(Data records)
========

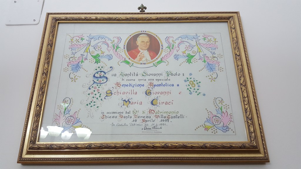 Entrambi si conoscevano da piccoli perché le famiglie si frequentavano, infatti Giovanni era solito chiamare col nomignolo “Sosò” Maria e la sorella di lui, nonchè amica della futura moglie. Cinque anni di differenza hanno tra loro. Il Signor Schiavilla partì in guerra nel 1940 durante la seconda guerra mondiale, a soli 20 anni, ma era innamorato della Signora Maria. Rimase fino al 1946 attraversando vari stati come: Grecia, Estonia, Russia e per tutto questo tempo fu dato per disperso e per questo motivo il fratello Don Raffaele Schiavilla, parroco del paese in quegli anni celebrò delle Messe perché dato per morto ma miracolosamente tornò a Villa Castelli sano e salvo. Prima di partire i due giovani si scambiarono delle foto con i loro ritratti.
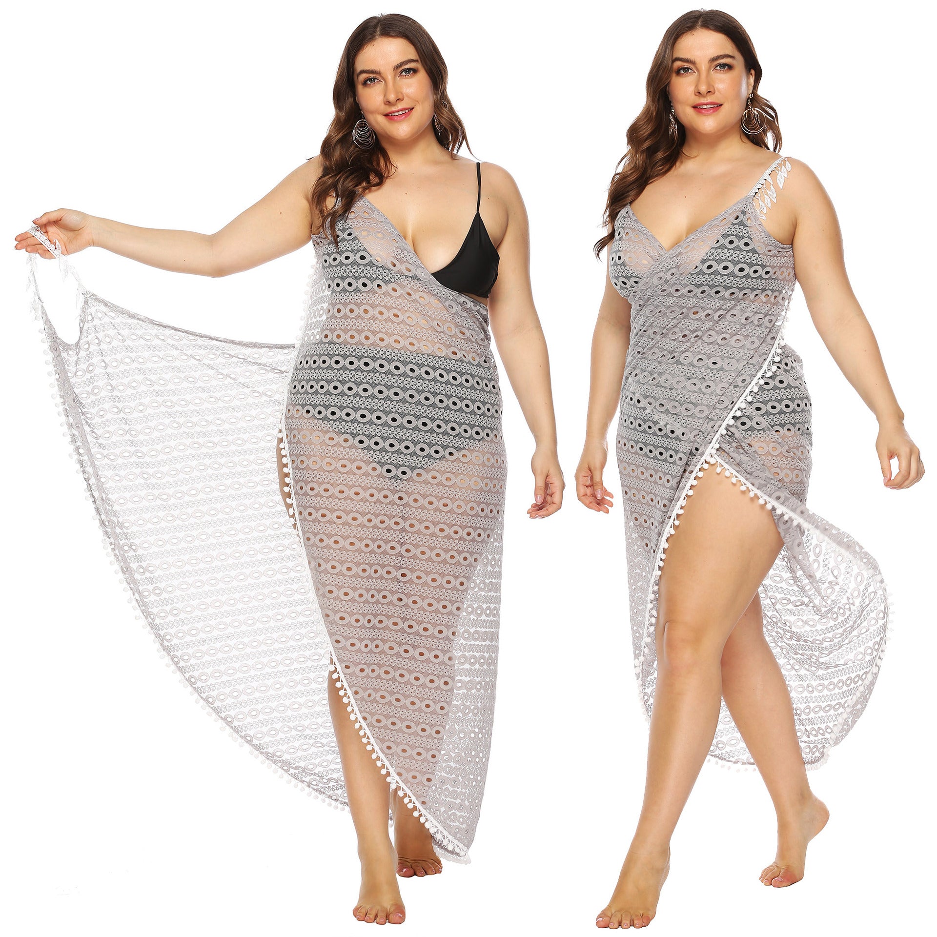 Dames Élégant Transparent Dentelle Couvrir Robe de Plage Chic und Stil
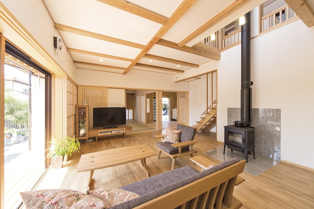 ロフト付寝室と薪ストーブが奏でる、やさしい木の暮らし
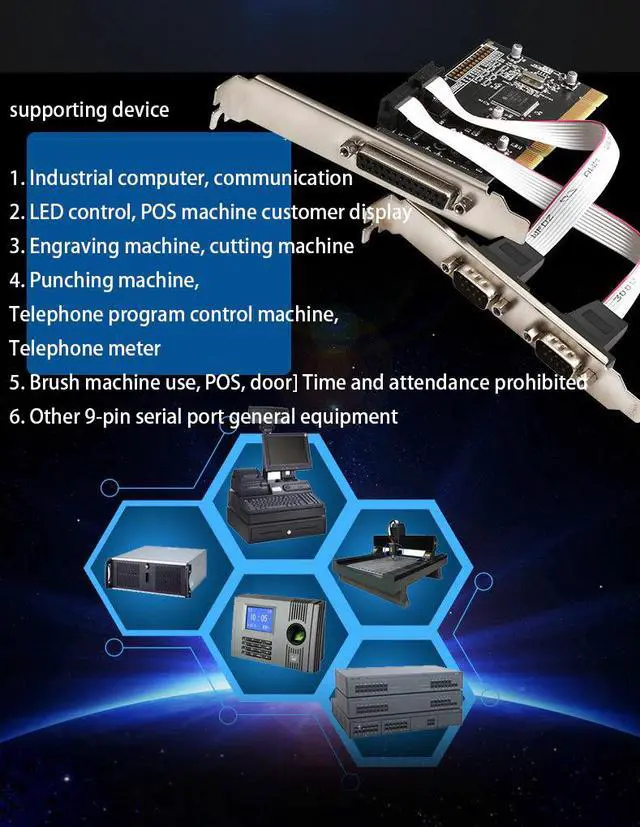 • Dual RS232 Serial COM DB9 & Printer Parallel Port LPT DB25 to PCI Adapter Converter riser Card AX9865 Chipest
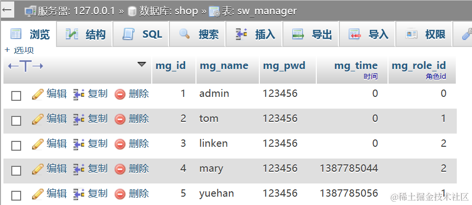 sw_manager 后台用户管理员表
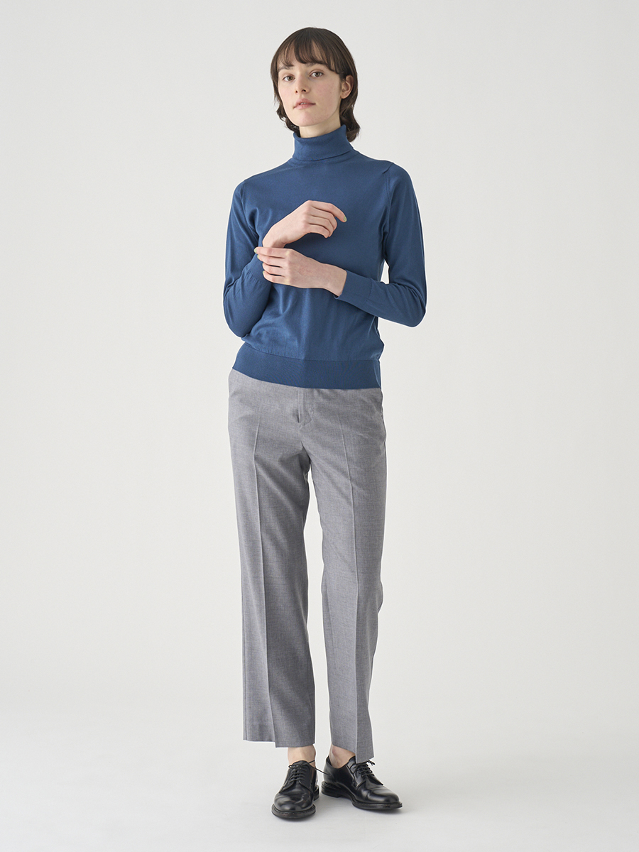 SUPER 100's原料を使用した平織りトロピカルウール。軽やかでクリアな表情の生地を贅沢に使用し、動くたびに美しいドレープが生まれます。カラーは一部異なりますが「FS157」も同素材です。

========

(TASK): The answer is the run of lines from the one with "sw_manager 后台用户管理员表" through the final line of the data, copied exactly, and nothing else; no pictures.

(SOLUTION FOR THIS EXERCISE):
 sw_manager 后台用户管理员表
 SUPER 100's原料を使用した平織りトロピカルウール。軽やかでクリアな表情の生地を贅沢に使用し、動くたびに美しいドレープが生まれます。カラーは一部異なりますが「FS157」も同素材です。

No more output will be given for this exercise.